Together with Stakeholders, Tourism Minister Clayton Bartolo, MHRA President Andrew Agius Muscat and Directorate-General for Internal Market, Industry, Entrepreneurship and Tourism gave the opening speeches to the conference.
Bartolo started off by stating the importance the tourism sector has within the European Union economy. “The mediterranean provides the EU with on of its economic drivers, tourism. Tourism accounts for 30% of the global tourism market and 23% of the global income from the tourism sector.”
“With these stats, we need a Mediterranean focused think tank (The Mediterranean Brain) which focuses on the issues particular to the region. Malta has to act as a leader in the tourism sector by devising new policies and strategies.”
The Malta post pandemic tourism recovery strategy 2021-2030 targets these issues directly. Bartolo believes that Malta is already at the second stage of this plan, that of revitalising the tourism sector.
“We must revitalise, the hospitality sector in Malta has to be a sterling example for the Mediterranean countries and Malta must also act as a beacon to lead other towards a sustainable and suitable tourism sector of the future.”
Recover, Rethink and Revitalise; those are the key areas of the tourism future of the future, Bartolo said.
Superti called the Mediterranean region an icon when it comes to global tourism. “It is iconic for providing culture, history, nature, gastronomy and the obvious sun and sea. Unfortunately this are is also fragile from factors such as climate change and immigration and we can only help each other by moving forward.”
Throughout the last year, the European Union considered tourism one of the 14 major powerhouses in the EU economy. Superti stated that tourism contributes anywhere between 10% and 30% of the GDP in Europe, included more than 23 million jobs in the sector.

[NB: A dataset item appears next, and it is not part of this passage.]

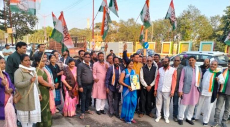कोरबा में मनरेगा के कथित नए कानून के विरोध में कांग्रेस का प्रदर्शन, भाजपा सरकार पर गरीबों के अधिकार छीनने का आरोप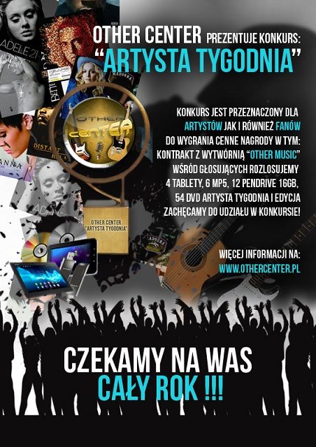 Witajcie! Z wielką przyjemnością ogłaszamy iż 1 czerwca 2013 Roku rusza druga edycja ogólnopolskiego konkursu muzycznego „Artysta Tygodnia”, którego organizatorem jest centrum informacyjno-muzyczne „Other Center”, działające w ramach platformy muzycznej „Other Space” z siedzibą w Skrzyszowie k. Tarnowa (woj. małopolskie).

“The consequences of the pandemic are not completely over and as the EU we have to help in the short term solutions as well as the long term ones. We have therefore launched a roadmap for the EU to transition to catering to the tourist of the future.”

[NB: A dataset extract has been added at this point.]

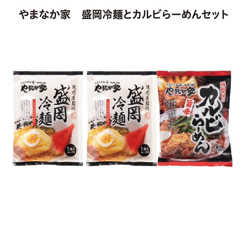 ●商品内容/盛岡冷麺(めん110g、スープ30g)×2、カルビらーめん(めん70g、スープ52g)
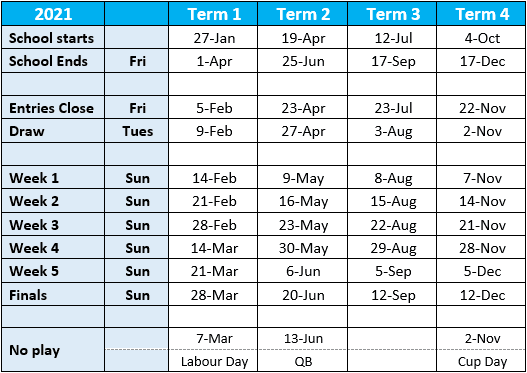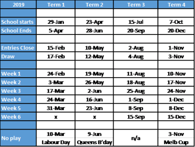 Competitions are held in each school term (1 to 4) and consist of 5 weeks of home & away matches followed by a finals day for BBQ and presentations.

Superti said that this roadmap is based on three guiding principles which are resilience, sustainability and digitalization. “We are in a time where we are moving from one crisis to another and we have to prepare for the future.”
Sustainable transport especially for tourists is a topic being discussed in EU, according to Superti. She also said that the issue of connectivity to Malta is at the heart of this discussion where the main aim is to reach a balance with better connectivity and sustainability for the environment.
Another main asset to the EU and the tourism sector in Europe are the small and medium enterprises which offer diversity to the tourism sector.
“Malta also aligns its tourism strategy with that of the EU and I would like to conclude by saying that we are now focusing together with the government to implement the plan they put forward in order to strengthen not only the Maltese tourism sector but the whole European tourism product.”